#### Problem to work on:
Among the entries below, find the line with "シルクパジャマ レディース 上下" and the line with "Colleen Lopez Double-Breasted". Return exactly those lines and every line between them, but no pictures.
-- Entries shown follows --
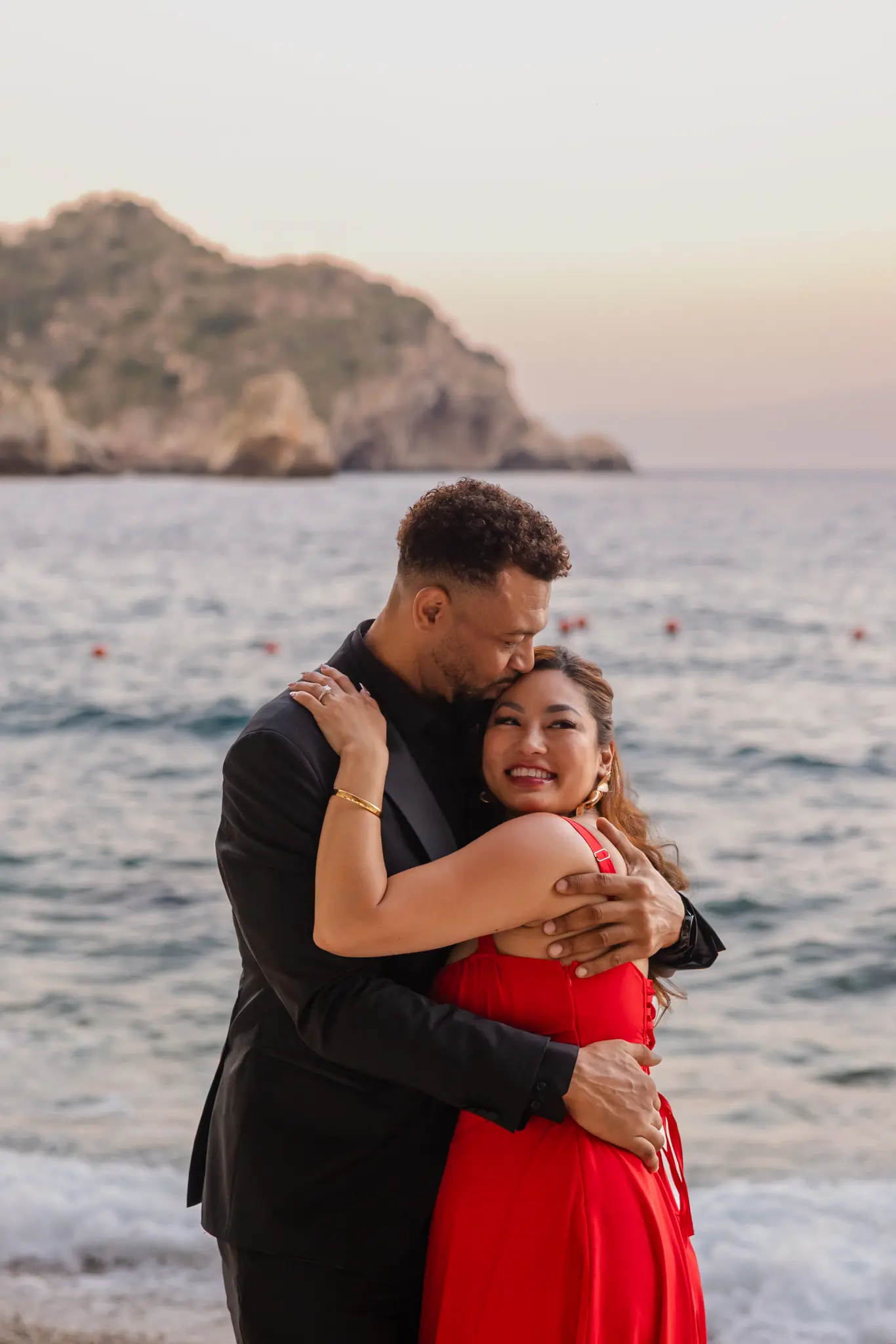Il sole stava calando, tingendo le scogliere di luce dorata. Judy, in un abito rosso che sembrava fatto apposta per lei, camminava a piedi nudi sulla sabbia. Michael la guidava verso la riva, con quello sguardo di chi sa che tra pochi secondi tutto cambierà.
-- Entries shown concluded --
-- Entries shown follows --
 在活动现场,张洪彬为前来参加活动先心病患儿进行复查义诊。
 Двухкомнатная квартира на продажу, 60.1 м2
-- Entries shown concluded --
-- Entries shown follows --
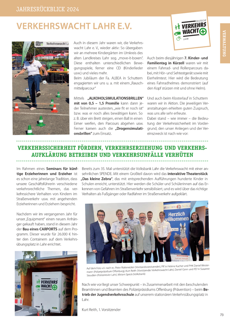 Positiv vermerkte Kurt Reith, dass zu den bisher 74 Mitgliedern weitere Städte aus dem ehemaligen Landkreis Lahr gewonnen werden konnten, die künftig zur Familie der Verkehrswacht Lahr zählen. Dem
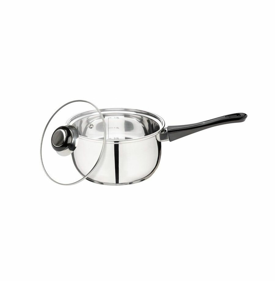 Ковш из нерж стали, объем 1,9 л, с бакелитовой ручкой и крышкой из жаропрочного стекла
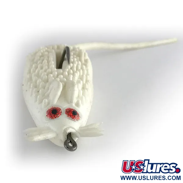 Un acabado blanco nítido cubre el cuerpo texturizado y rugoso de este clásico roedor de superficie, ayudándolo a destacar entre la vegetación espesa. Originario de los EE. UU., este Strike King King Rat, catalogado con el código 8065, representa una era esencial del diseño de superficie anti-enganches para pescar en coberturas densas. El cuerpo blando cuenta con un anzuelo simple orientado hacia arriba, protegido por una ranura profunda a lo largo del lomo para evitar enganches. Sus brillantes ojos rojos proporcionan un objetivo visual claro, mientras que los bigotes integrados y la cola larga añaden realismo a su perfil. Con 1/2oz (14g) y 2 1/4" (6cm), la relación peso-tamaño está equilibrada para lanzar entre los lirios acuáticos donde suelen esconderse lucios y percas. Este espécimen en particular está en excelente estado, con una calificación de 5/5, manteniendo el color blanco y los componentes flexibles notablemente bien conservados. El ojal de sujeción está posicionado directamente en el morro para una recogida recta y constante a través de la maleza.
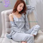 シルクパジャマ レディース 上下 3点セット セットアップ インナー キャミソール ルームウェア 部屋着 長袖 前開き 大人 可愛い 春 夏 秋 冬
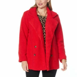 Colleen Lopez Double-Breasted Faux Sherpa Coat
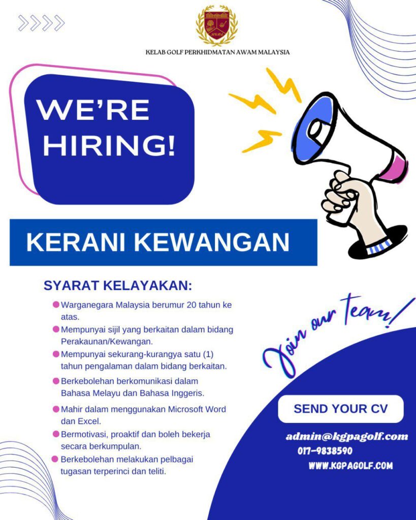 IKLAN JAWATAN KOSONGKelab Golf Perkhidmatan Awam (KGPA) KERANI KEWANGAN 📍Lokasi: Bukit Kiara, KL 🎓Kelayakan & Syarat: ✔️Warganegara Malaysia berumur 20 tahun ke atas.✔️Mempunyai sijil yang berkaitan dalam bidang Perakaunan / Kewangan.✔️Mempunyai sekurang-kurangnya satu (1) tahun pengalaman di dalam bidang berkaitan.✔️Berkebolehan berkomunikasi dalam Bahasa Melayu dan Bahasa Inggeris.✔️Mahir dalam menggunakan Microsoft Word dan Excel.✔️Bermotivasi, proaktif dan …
-- Entries shown concluded --
#### Completed exercise:
 シルクパジャマ レディース 上下 3点セット セットアップ インナー キャミソール ルームウェア 部屋着 長袖 前開き 大人 可愛い 春 夏 秋 冬
 Colleen Lopez Double-Breasted Faux Sherpa Coat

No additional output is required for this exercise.